Preprocess algorithms#

Pre-process algorithms take the training data and transform it.

Preprocess base#

Abstract Base Class of all algorithms in the framework.

class PreAlgorithm(*args, **kwargs)#

Bases: ethicml.algorithms.algorithm_base.Algorithm, Protocol

Abstract Base Class for all algorithms that do pre-processing.

abstract fit(train)#

Fit transformer on the given data.

Parameters

train (ethicml.utility.data_structures.DataTuple) – training data
self (ethicml.algorithms.preprocess.pre_algorithm._PA) –

Returns

a tuple of the pre-processed training data and the test data

Return type

Tuple[ethicml.algorithms.preprocess.pre_algorithm._PA, ethicml.utility.data_structures.DataTuple]

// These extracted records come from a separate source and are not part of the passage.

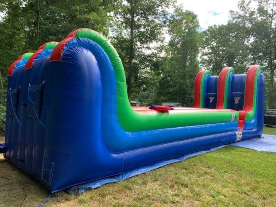 The two-lane inflatable basketball will keep your guests moving. The object of the game is to put on the vest which is attached by a strong elastic rope, then see how strong it is by running through Bungee Run and trying to make a basket with the basketball and finally being pulled back like a rubber band to the point of departure. This is a great challenging inflatable activity, order yours now!
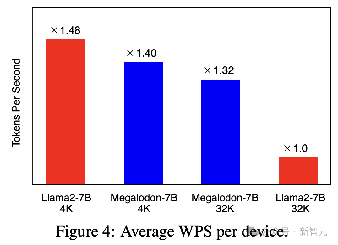数据学习效率 通过训练损失图以及多个benchmark的结果可以看出,Megalodon比Transformer在7B参数下有更好的数据学习效率。 计算效率 针对不同的4K和32K上下文长度,Megalodon这一架构的预训练的计算效率也是非常强的。
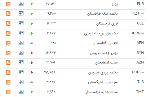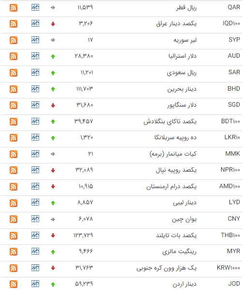 بر این اساس نرخ رسمی یورو، یکصد ین ژاپن، دلار کانادا و دلار استرالیا افزایش و نرخ پوند انگلیس، لیر ترکیه و یکصد دینار عراق کاهش یافت.
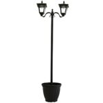 リビングアウトの植木鉢付きソーラー街灯は、ブラックのスタイリッシュな2灯タイプ。エコなソーラー技術を活用し、夜間は自動で点灯。おしゃれにお庭や玄関を演出し、植物を育てるスペースも提供します。
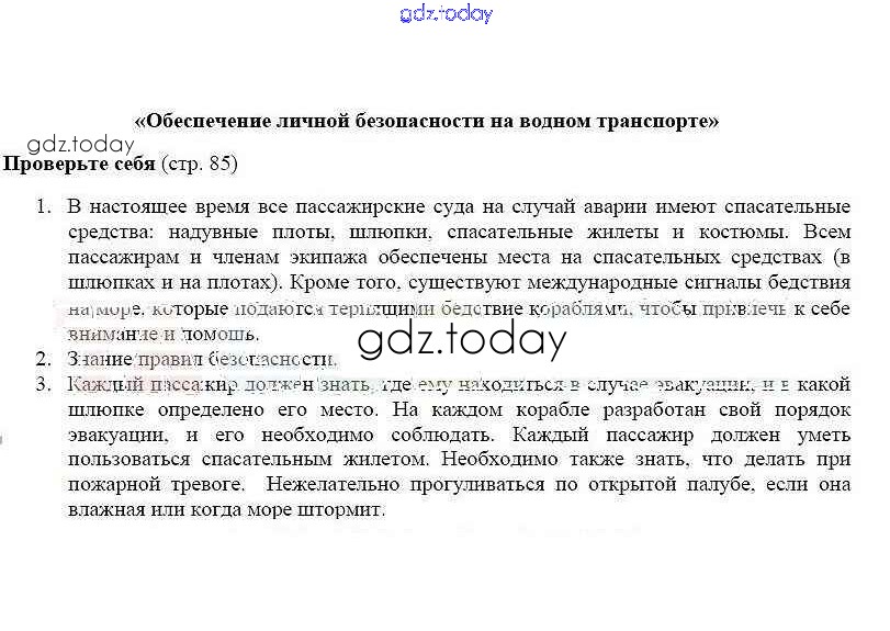 На страницах сайта gdz.today вы найдете учебный и вспомогательный материал, направленный на улучшения знаний школьной программы. ГДЗ - онлайн мир знаний Страницы (решение) 85 Учебнику по ОБЖ для 6 класса Смирнов, Хренников Просвещение 2018

abstract property name: str#: Name of the algorithm.

property out_size: int#: The number of features to generate.

abstract run(train, test)#

Generate fair features with the given data.

Parameters

train (ethicml.utility.data_structures.DataTuple) – training data
test (ethicml.utility.data_structures.TestTuple) – test data

Returns

a tuple of the pre-processed training data and the test data

Return type

Tuple[ethicml.utility.data_structures.DataTuple, ethicml.utility.data_structures.TestTuple]

run_test(train, test)#

Run with reduced training set so that it finishes quicker.

Parameters

train (ethicml.utility.data_structures.DataTuple) –
test (ethicml.utility.data_structures.TestTuple) –

Return type

Tuple[ethicml.utility.data_structures.DataTuple, ethicml.utility.data_structures.TestTuple]

abstract transform(data)#

Generate fair features with the given data.

Parameters

train – training data
test – test data
data (ethicml.algorithms.preprocess.pre_algorithm.T) –

Returns

a tuple of the pre-processed training data and the test data

Return type

ethicml.algorithms.preprocess.pre_algorithm.T

class PreAlgorithmAsync(*args, **kwargs)#

Bases: ethicml.algorithms.algorithm_base.SubprocessAlgorithmMixin, ethicml.algorithms.preprocess.pre_algorithm.PreAlgorithm, Protocol

Pre-Algorithm that can be run blocking and asynchronously.

fit(train)#

Generate fair features with the given data asynchronously.

Parameters

train (ethicml.utility.data_structures.DataTuple) – training data
test – test data

Returns

a tuple of the pre-processed training data and the test data

Return type

Tuple[ethicml.algorithms.preprocess.pre_algorithm.PreAlgorithm, ethicml.utility.data_structures.DataTuple]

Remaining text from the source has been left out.